I am developing an application for work that deals with sensor performance. I need to calculate the standard deviation of an entire color buffer (1-channel 16-bit floating point frame buffer object) in Opengl. For testing purposes, I am simply reading up the buffer into main memory and calculating the standard deviation on the CPU. Of-course, as you might expect, this is a killer on the FPS.
I have googled and googled, searched every where but I cannot find any references or leads to this. The only reference that was mentioned was some article by Horn that talks about calculating the sum of an entire buffer using shaders, but I could not find the article itself.
My first idea is to simply use the non-programmable pipeline and do additive blending onto another 16-bit f.p. surface drawing verticle lines ontop of each other over an over again with the texture coordinates referencing the buffer for each verticle line, once for the number of pixels in the x direction (I may skip pixels to just approximate the s.d.), and then draw single points ontop of each other referencing the horizontal sums. This would give me the mean value, then I would repeat the process somehow using the differences minus the mean squared. This doesn't seam terribly efficient but it would be better than reading it into the main memory. Also, I don't know how to do this without having to ping-pong between textures when it comes to the second pass using the mean.
Anybody have better (more efficient) ideas for this?
Thanks in advance,
A couple of ideas:
(1) use the automatic mipmap generation capabilities of the hardware to generate the mean (you can read back the value of the topmost mip level to get the mean)
(2) render the texture to a second texture using a shader that calculates the squared difference at each pixel, and use automatic mipmap generation again to generate the mean
(3) then you can read back the mean and take the square root.
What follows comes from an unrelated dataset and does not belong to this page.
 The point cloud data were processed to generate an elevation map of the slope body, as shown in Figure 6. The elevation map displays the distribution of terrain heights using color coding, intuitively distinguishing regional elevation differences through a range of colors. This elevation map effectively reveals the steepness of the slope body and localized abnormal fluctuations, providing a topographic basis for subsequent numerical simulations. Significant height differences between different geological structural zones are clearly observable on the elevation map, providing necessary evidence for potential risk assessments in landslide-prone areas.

BTW, all this falls under the category of general-purpose GPU computation (a phrase you may want to google). People have done much more complicated things with it, like performing simulations of cloth on the GPU using texels to store the position of vertices of the cloth surface, and shaders to update them at each timestep.
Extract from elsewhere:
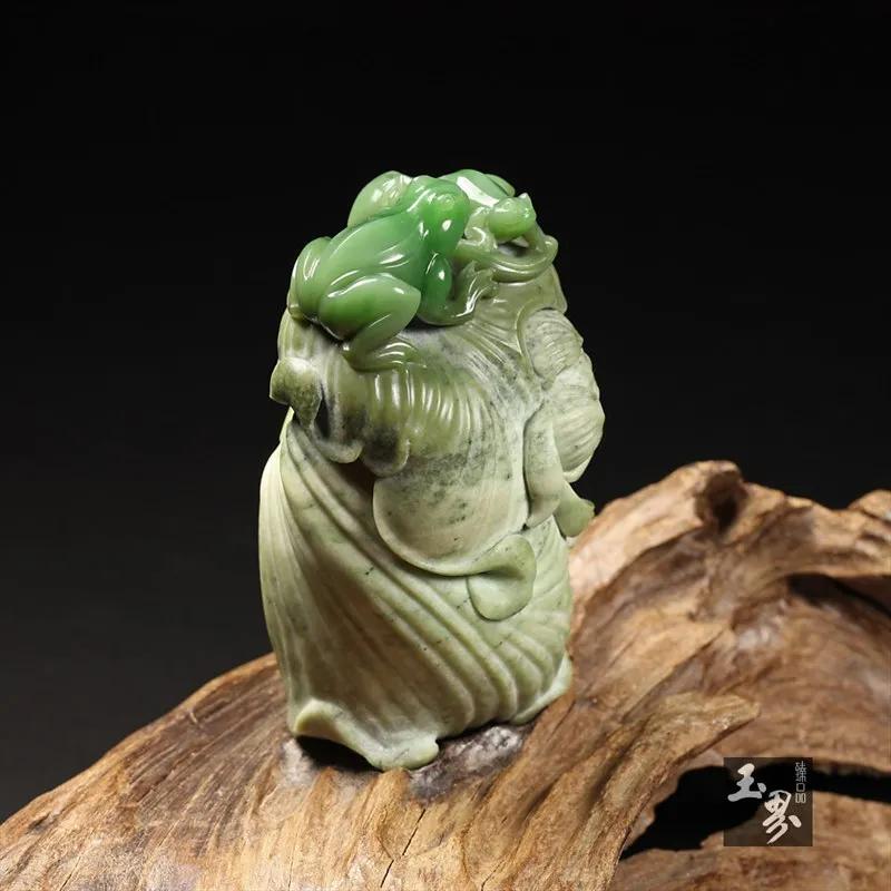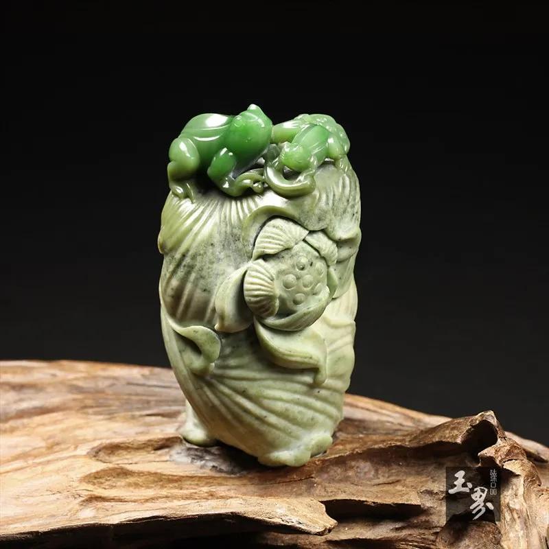 ▲ 碧玉巧雕擺件-荷塘蛙趣 | 玉器編號:155956

Thanks for the quick reply Reedbeta,
I am using ARB_texture_rectangle for the frame buffer object to support abritrary buffer size (non-powers of two), and also so the coordinate referencing is easier (instead of 0.0 to 1.0, they are referenced by 'pixel' i.e. 0 to 511 etc.) This object does not support mip-mapping. http://www.opengl.org/registry/specs/ARB/texture\_rectangle.txt BTW. Would generating mip-maps every frame be fast enough?
I have looked into this GPGPU stuff, but surprisely I haven't found any info for such a simple task. There is a reference to a 'summation' method in the book GPU gems 2, so I may just purchase a copy. I don't think the solution to this is trivial because of the parallel nature of shaders.
I think you haven't found a reference for a summation method because everyone does that with mipmaps :lol:
However, if you really must use ARB_texture_rectangle, you can still write a pixel shader to do a 2x2 box filter on the image and resample it to an image of half the size in each dimension. Then repeat until the image is small enough. Of course you have to figure out how to handle odd dimensions if you work with non-PO2 textures. However, I believe this is the most efficient way to do the resampling, taking advantage of the GPU parallelism to the greatest extent possible. And yes, you should be able to attain a decent FPS on this with a bit of optimization. It's not a very costly operation compared to some of the things people like to do, e.g. post-processing blur and bloom filters on every frame.
I just found ARB_texture_non_power_of_two,
It appears that this DOES support mip-mapping, the only difference between this and ARB_texture_rectangle is the way coordinates are referenced.
I'll give both methods a try to see which is faster. At first I thought that mip-maps might be overkill (because I don't need any of the intermediate levels) but it is only 1/3 of the original buffer overhead because of the logarithmic way each level reduces so we'll see.
thanks for your help,